David Staley visits SDSU Oct. 3
David Staley

When David Staley visits South Dakota State University in early October, he will be very busy. Staley, author of “Alternative Universities: Speculative Design for Innovation in Higher Education” will deliver “A Strategy for the Humanities in the 21st Century” Oct. 3 at 11 a.m. in the Oscar Larson Performing Arts Center’s Founders Recital Hall. The talk is open to the public and there is no charge for admission.

The director of the Humanities Institute and director of the Center for the Humanities in Practice at The Ohio State University, Staley is also scheduled to speak to individuals within the Hilton M. Briggs Library and Jerome J. Lohr College of Engineering regarding artificial intelligence, trends in higher education within their areas and workforce development.

“Dr. Staley’s work reflects the centrality of the humanities to higher education today. He challenges us to cross the boundaries between fields of inquiry and to question our assumptions about what the university could, or should, be for today’s society. His visit to campus will surely stimulate discussion among our students, faculty and members of the community,” said Lynn Sargeant, dean of the College of Arts, Humanities and Social Sciences.

Staley likes the challenge of talking to various groups.

“While it’s not unusual to do multiple talks, it’s a little unusual to do talks to these distinct groups,” Staley said. “I think it’s part of what intrigued me about accepting the invitation. Another reason why I was interested is that I’ve never been to South Dakota before.”

Staley’s talk came from an opinion/editorial piece he wrote several years ago and is the focus for an upcoming summit at Ohio State.
“I don’t think it’s a secret that the humanities are under siege and that’s not a recent phenomenon. One could argue the humanities have been challenged for 20 years, some would argue even 40 years. You can pick up the higher education press and there’s always a story about humanities departments being closed at such and such university,” Staley said. “The idea of strategy for the humanities is a push back at that narrative.

“Some of this idea comes from my background of doing strategic foresight and strategic thinking with organizations. I’m saying the humanities needs strategic thinking, strategic planning,” he continued. “The original name for the summit, and maybe this talk, was ‘The Future of the Humanities’ but my associate director said, ‘why don’t we think of strategy? It sounds more proactive, activist and forward-looking, in that sense.’”

Staley said humanities can revive itself in a university and in the larger society overall by a recommitment and a redefinition of what he calls the public humanities.

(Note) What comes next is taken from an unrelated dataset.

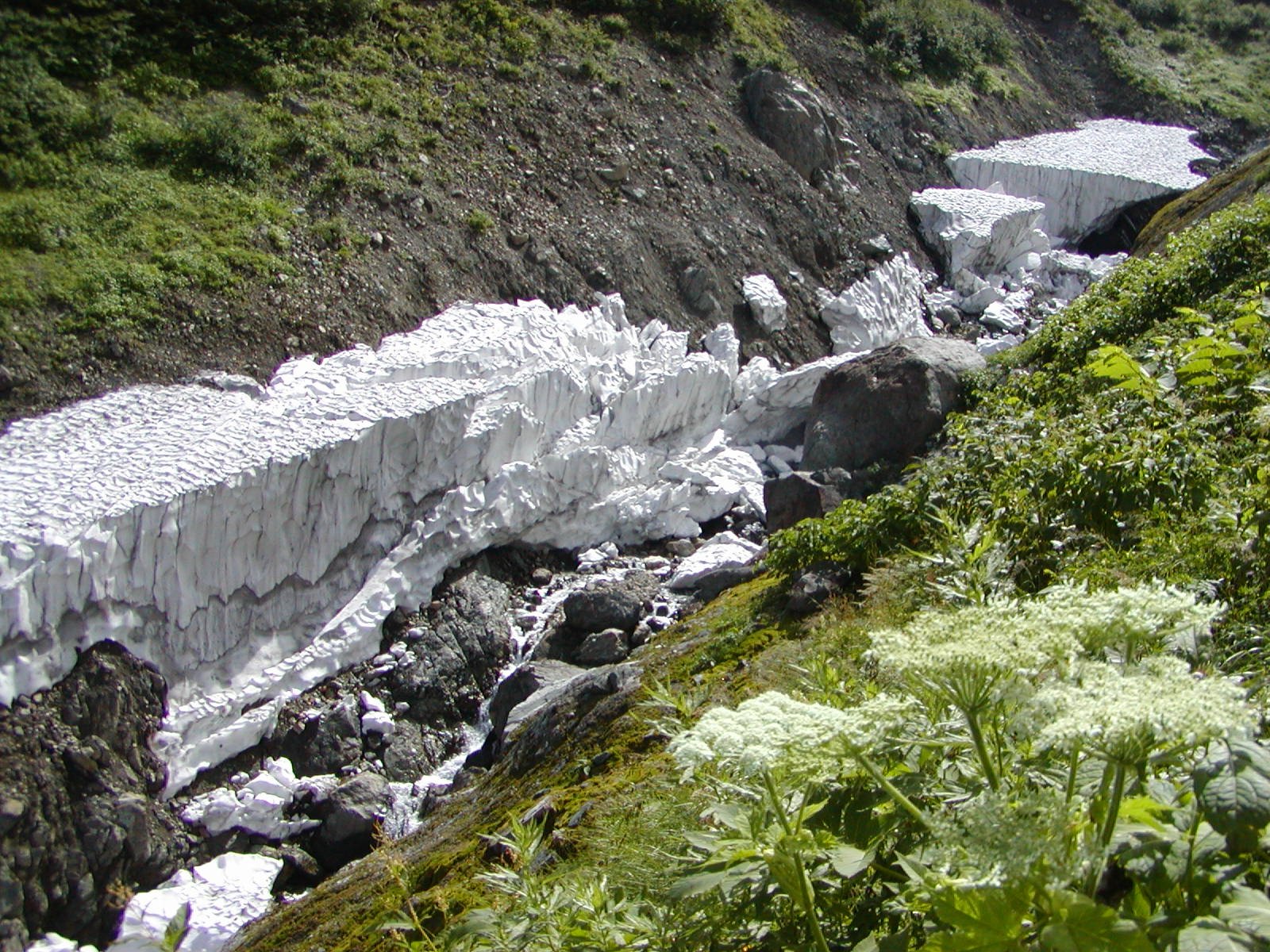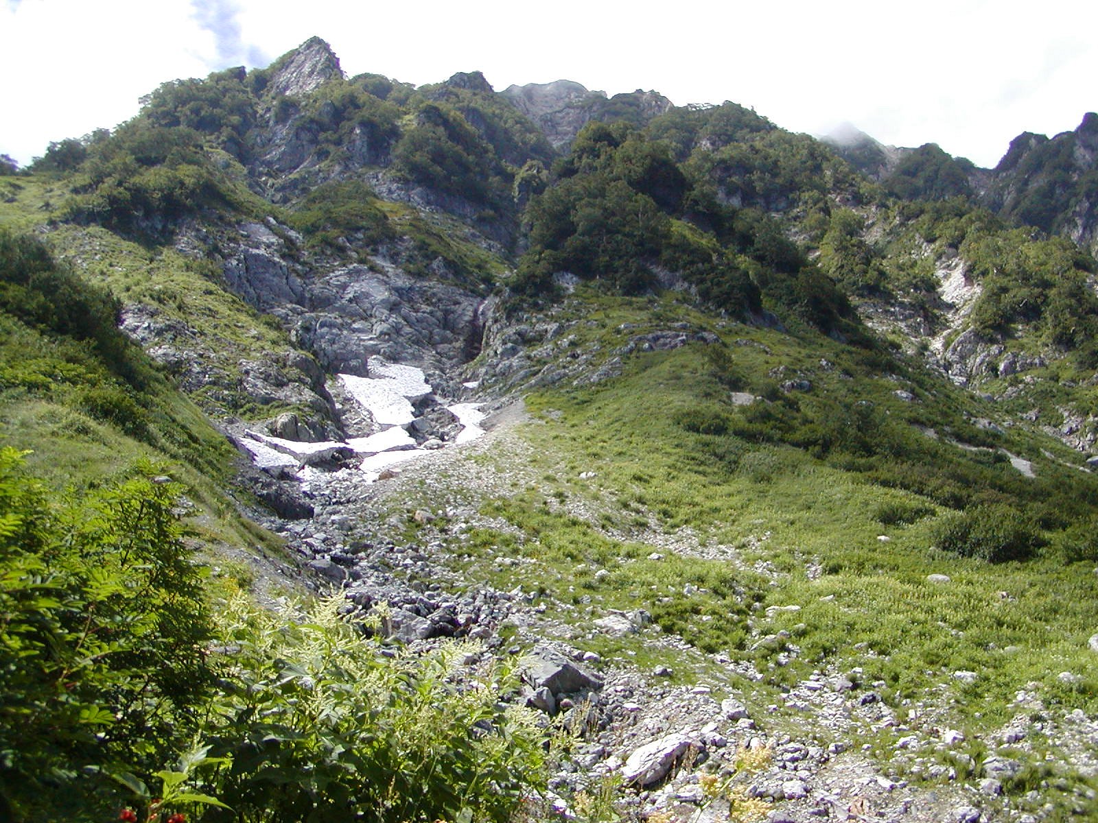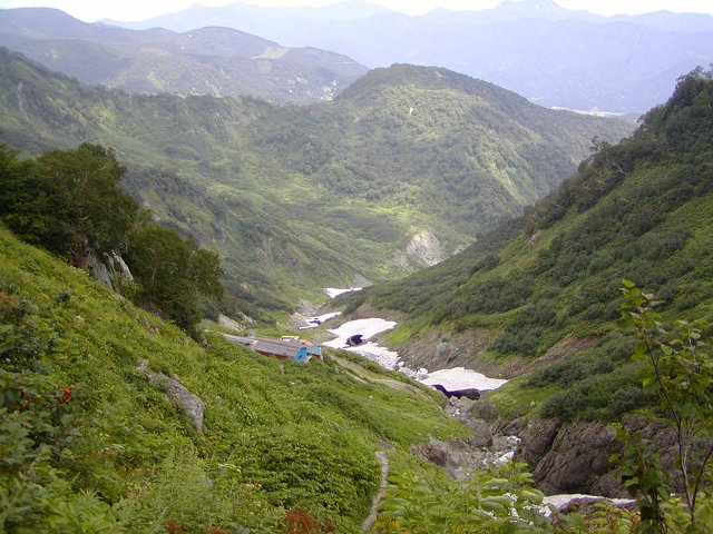 「晩夏の白馬鑓温泉小屋と雪渓、双子尾根と小日向山」

“When I say public humanities, I’m talking about something much broader than the traditional humanities programming,” he said. “I’m very interested in the impact of the policy world. For example, what role could humanists be playing that could help governments or other organizations? There is nothing that exists like a humanities think tank, where we could rethink the nature of our work, the audience of our work and impact of our work.

“I think the perception is that the work done in the humanities is inward looking and produces work read only by other specialists,” he continued. “I don’t think it’s true, but the perception exists. The future of the humanities is heavily dependent on how we are perceived and how active we are in the public.”